Provide a way to modify lines before submitting them #51

Closed
beaufour opened this Issue Mar 15, 2013 · 5 comments

Comments

Projects
None yet
2 participants

Would be handy if you could pass log lines through a custom function before submitting them. For example for anonymizing sensitive data / PII, etc

Owner

troy commented Sep 3, 2013

@beaufour There's currently no way to do this, and I wanted to see how you wanted to use it (or would if this was available). My first thought is that the best bets are either:

  • Log that from the framework. For example, in Rails, adding the lograge Gem or any other one which supports custom attribute logging, filtering the full api_key parameter with parameter filtering, and then logging your modified parameter instead.
    This seems like a great end result, in that it's flexible, totally customizable (for the right level of anonymity on an attribute-specific basis), and no harder to setup - probably easier - than the equivalent would be in remote_syslog.
  • Use an rsyslog or syslog-ng hack to rewrite it. Neither of these support arbitrary rewrites all that well, but they both can be made to do it.

beaufour commented Sep 4, 2013

@troy I was thinking along those lines too, but in an (read: my :) ) ideal world, I would want to keep my raw and unmodified log files as they are now on the local system. Then only for the transfer to a third party system would I modify or strip out stuff like api keys, ip addresses, and other sensitive information. Either for security or regulatory purposes.

Owner

troy commented Sep 4, 2013

Thanks, @beaufour. This inspired me to write down why I think that's a bad approach :-) There's nothing inherently more or less secure about transferring logs to another system - whether your own log aggregator, a nightly batch copy (like with rsync), a hosted logging service, a hosted file storage service like S3, or a long-term reporting service. Assuming there's trust attached to these keys, either the logging entity is comfortable accumulating that trust - and basically creating a central repository for it - or it's not.

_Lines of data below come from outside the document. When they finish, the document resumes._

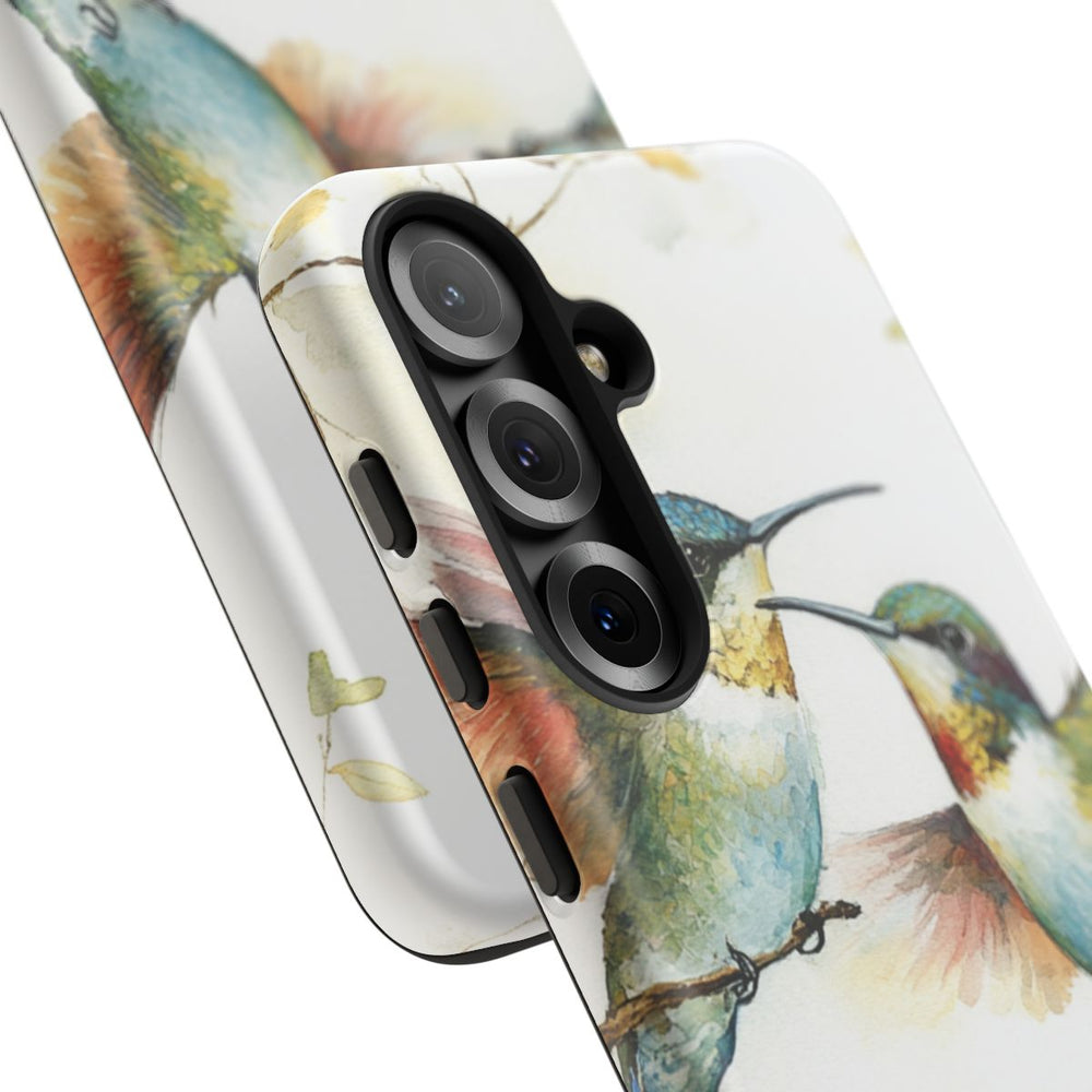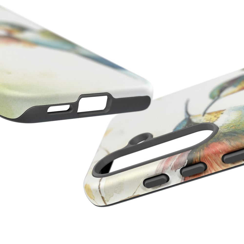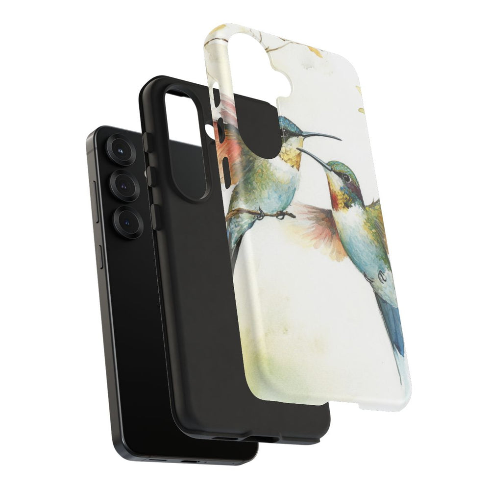 Dit ontwerp toont twee kolibries in aquarel die elkaar in de lucht ontmoeten, vlak bij fijne takjes met kleine blaadjes. De vogels hebben zachte tinten groen, blauw en oranje, met prachtig gedetailleerde, gespreide vleugels. De lichte achtergrond bevat subtiele accenten van groen en beige, wat zorgt voor een rustige en natuurlijke uitstraling. Het hoesje bestaat uit twee lagen met een matte afwerking: een stevige polycarbonaat buitenkant en een TPU-binnenzijde. Geschikt voor draadloos opladen en bestand tegen verschillende weersomstandigheden.
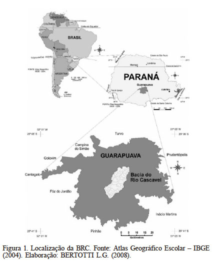 A área de trabalho comprende a bacia do rio Cascavel (BRC), localizada no município de Guarapuava, a qual está inserida na região Centro-Sul do estado do Paraná, Sul do Brasil, no Terceiro Planalto Paranaense ou Planalto de Guarapuava (Maack, 1981). A localização geográfica da BRC está compreendida entre os 25°18'03'' e 25°26'19'S e os 51°24'49'' e 51°32'07''O (Figura 1). A BRC possuiu área 81,03km., sendo o rio Cascavel tributário da bacia do Rio Jordão, que deságua na bacia do Rio Iguaçu, afluente do Rio Paraná.
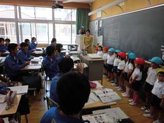 本日(1日)、幼中連携の取り組みとして、「豊里幼稚園の園児のみなさんの訪問」を行いました。
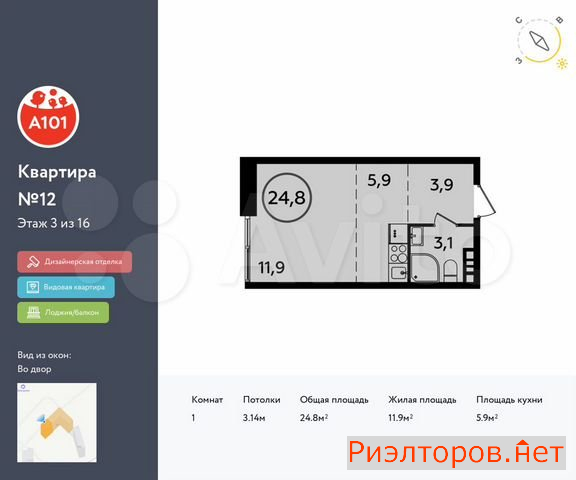 Общая площадь 24.8 м
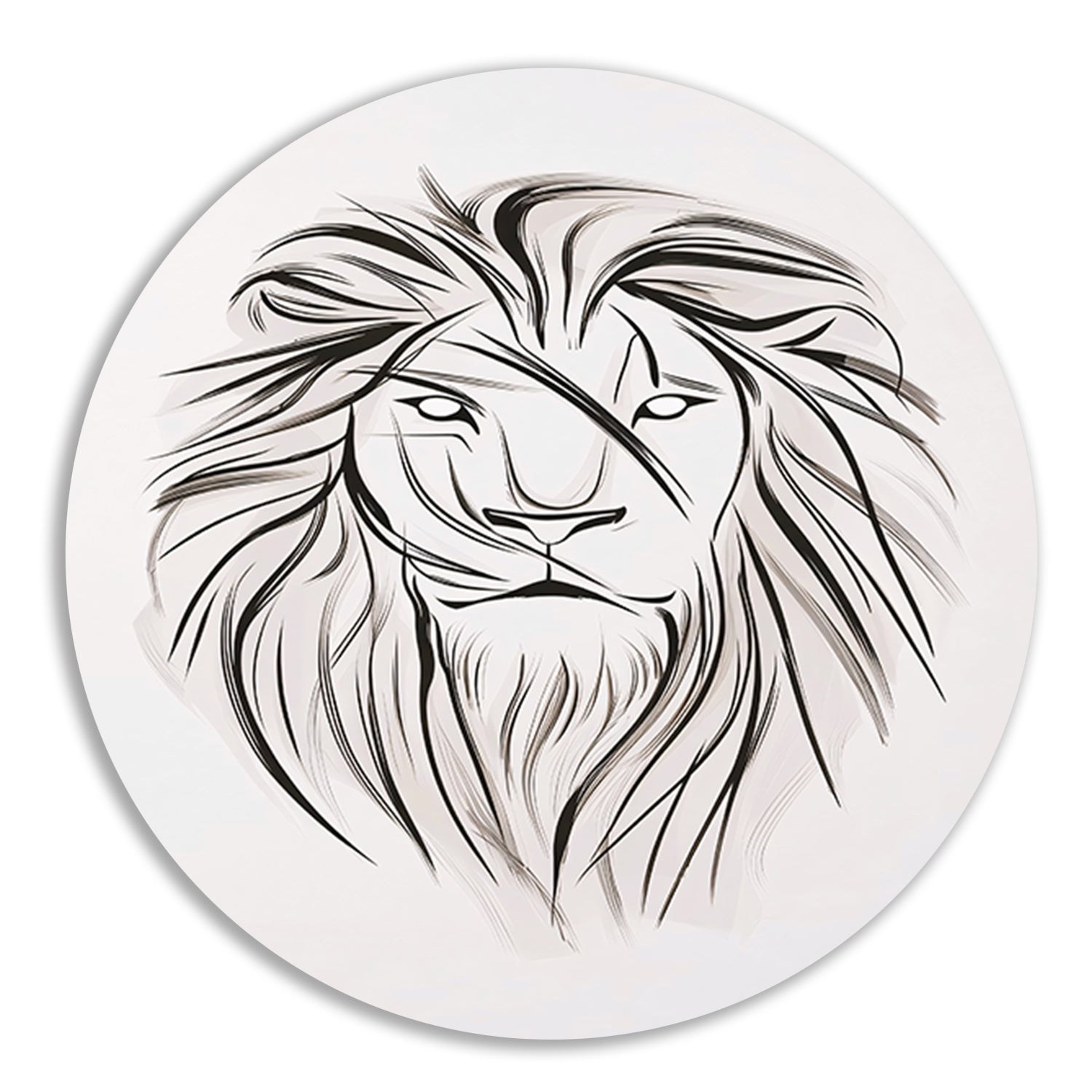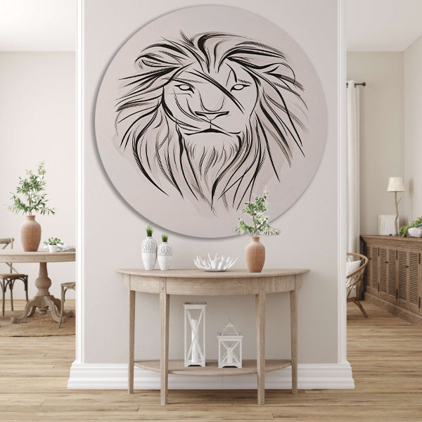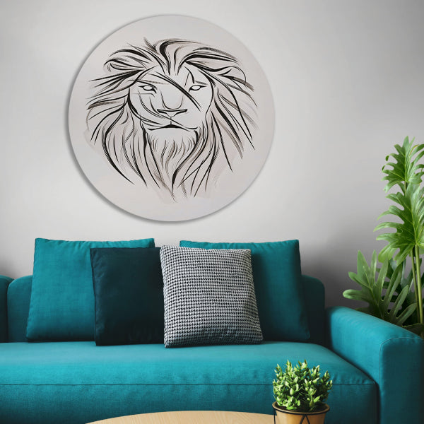 Minimalistische leeuw in zwart-wit lijnen aluminium muurcirkel
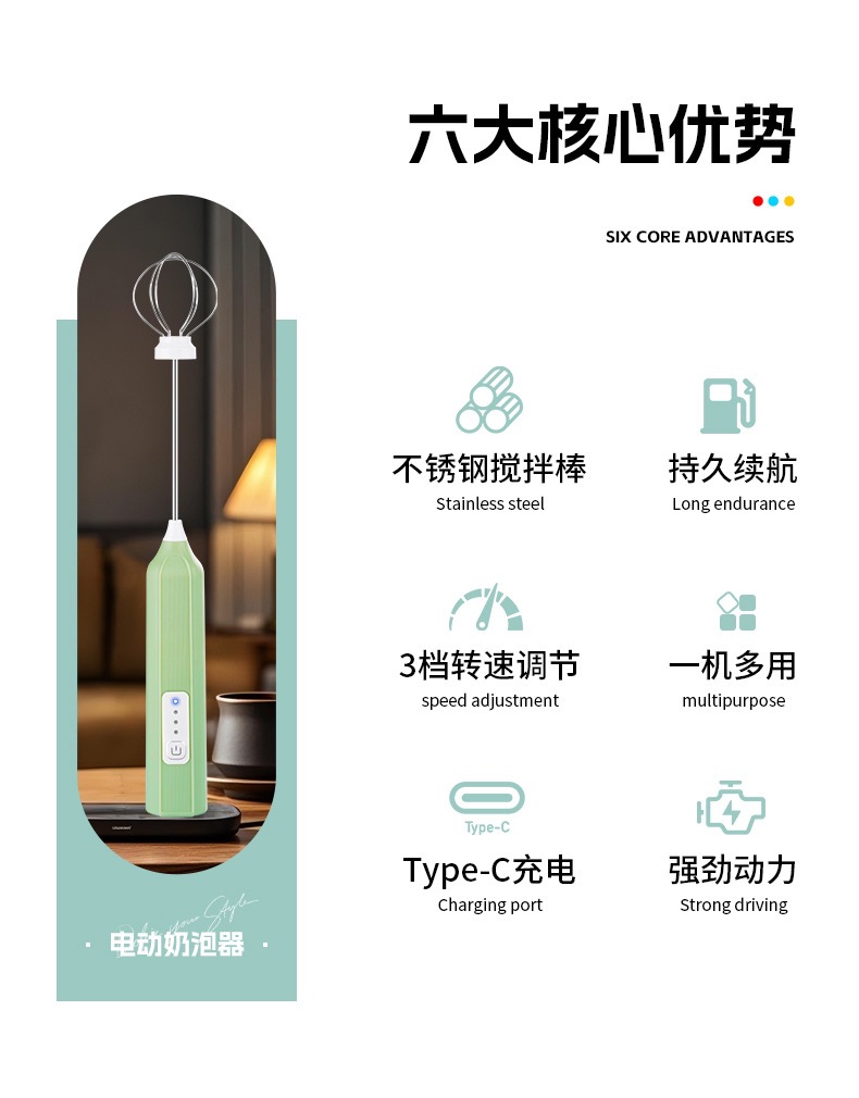 Ручной вспениватель молока Jl7601-3 электрический миксер для крема венчик многофункциональный
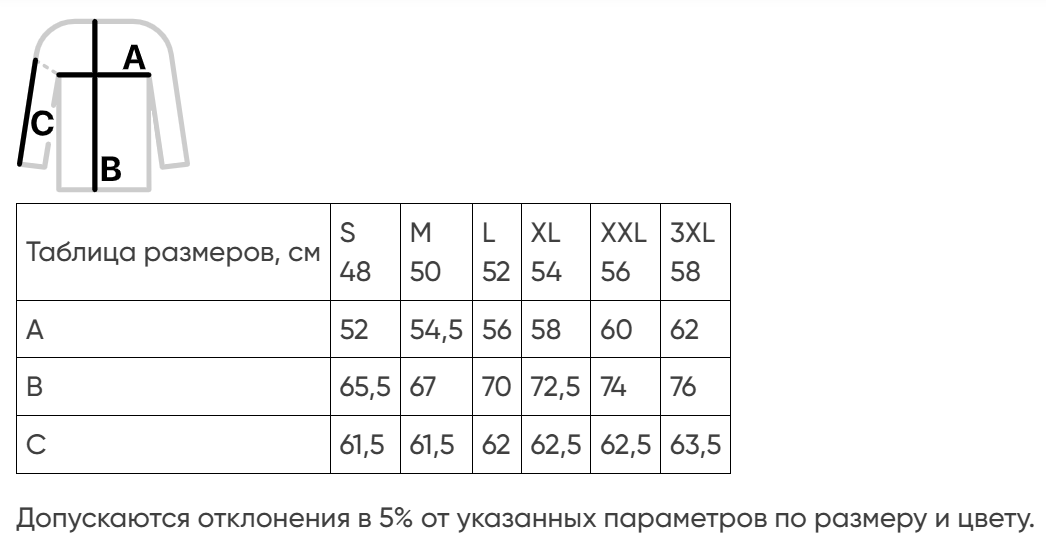 • Края рукава и низ изделия выполнены резинкой
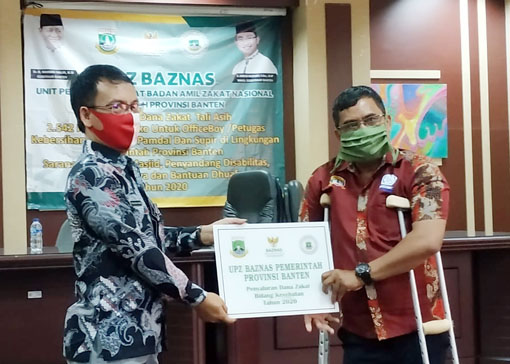 Metrobanten, Banten – Unit Pengumpul Zakat (UPZ) Badan Amil Zakat Nasional (Baznas) Pemerintah Provinsi Banten kembali menyalurkan dana zakat dari para aparatur sipil negara (ASN) di lingkungan Pemprov Banten. Penyaluran secara simbolis dilakukan oleh Ketua UPZ Baznas Pemprov Banten yang juga Plt Karo Kesra Setda Pemprov Banten Toton Suriawinata di Masjid Raya Al-Bantany, KP3B Curug, Kota Serang (Kamis, 2/7/2020).
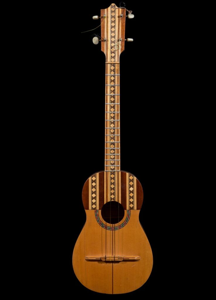 Existen muchas formas tradicionales de adornar una guitarra clásica, siendo la roseta la más impactante. Ejemplares de calidad del cuatro también presentan rosetas, pero la parte superior suele quedar oculta por el golpeador. El cuatro es único porque existen diversas formas de decorar el instrumento, desde patrones repetitivos en el clavijero, el diapasón y el golpeador, hasta la tapa. Estos pueden incluir patrones geométricos en maderas coloridas o mosaicos complejos. Martín Eduardo Gallardo fue un lutier activo durante la primera mitad del siglo XX que influyó en el desarrollo de esta práctica. Se dice que aprendió esta técnica, conocida como taracea, de un viejo constructor de guitarras clásicas español. La taracea es esencialmente una forma de incrustación o marquetería, pero tiene su propia historia y tradición que, como muchas otras cosas (una de mis favoritas es el alfajor), llegó a España desde el este tras la conquista musulmana hace más de mil años.
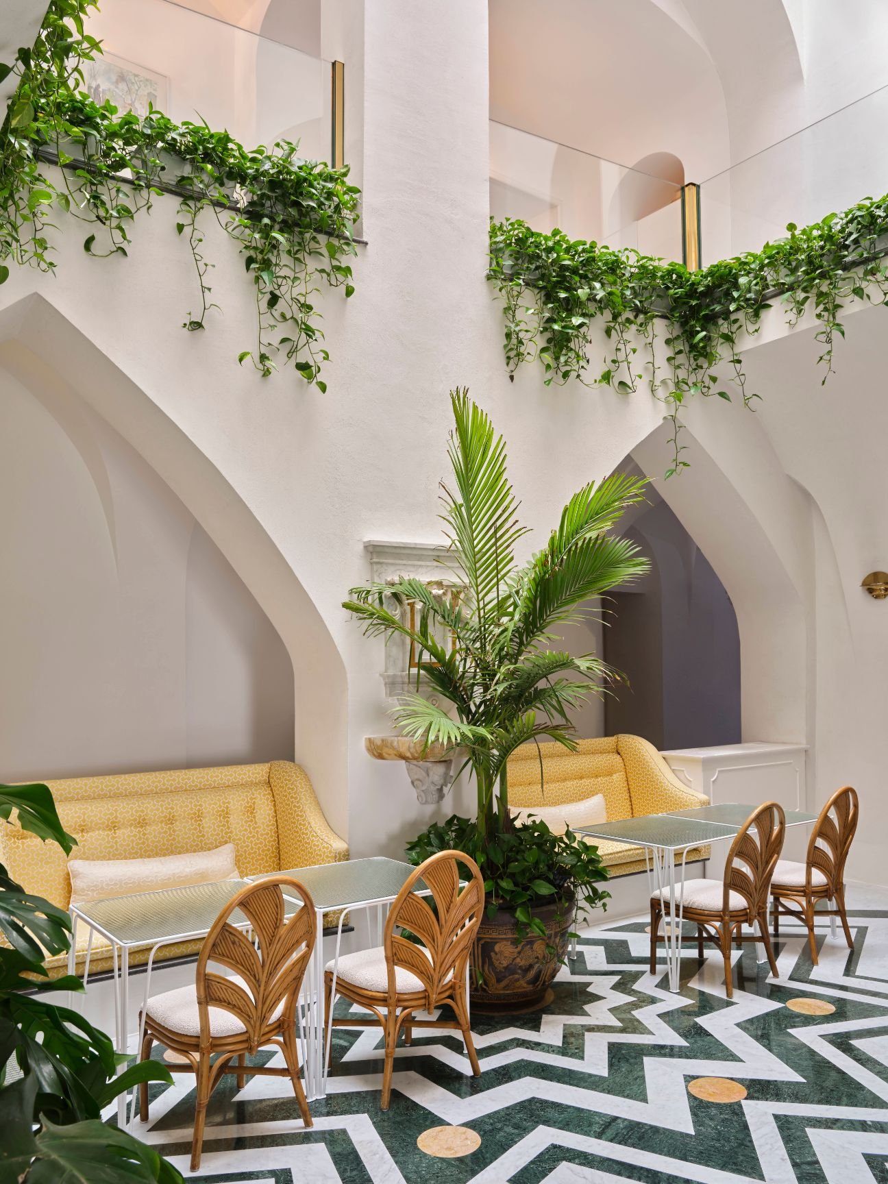Palazzo Avino brings Ravello’s elevated elegance to life from a meticulously restored 12th-century palace perched high above the Mediterranean. The hotel’s 43 rooms and suites are rich in classical Italian charm, furnished with antiques and hand-painted details, while sea-facing accommodations open onto private terraces. The signature Infinito Suite elevates the experience further with a dual-level layout and a private infinity plunge pool suspended above the sea.

The rest should be based on the specifics of the situation (security of that solution and the degree, amount, and duration of trust), not where it is or who runs it.

My own take on that is that it's never worth accumulating a constantly-increasing pile of trust. For example, there's almost no case where 80% of an API token is not unique enough to easily discern the requestor, but complex enough to make the log data basically useless. (NIST has a decent doc on tactics for this.)

But regardless of how much risk/exposure one is willing to accept, I think differentiating between local and remote, or decentralized and centralized, or locally-operated and hosted, is the wrong approach. To boil it down, either getting hacked and having those logs exposed is awful but tolerable, or it's not and they shouldn't be logged (or at least, retained). Sooner or later, that will happen.

I think an expectation that any system can, and with enough time, will, get hacked is also a good litmus test for what one actually cares about stripping. In most cases, IPs aren't worth the effort. In 99.9% of situations, if those got out, it would be annoying but not really impact anything. Same for arbitrary user IDs (as in 1843243, not emails) and the like. OTOH, API keys and maybe email addresses seem totally worth some de-identification, depending on whose they are and how tough they are to expire.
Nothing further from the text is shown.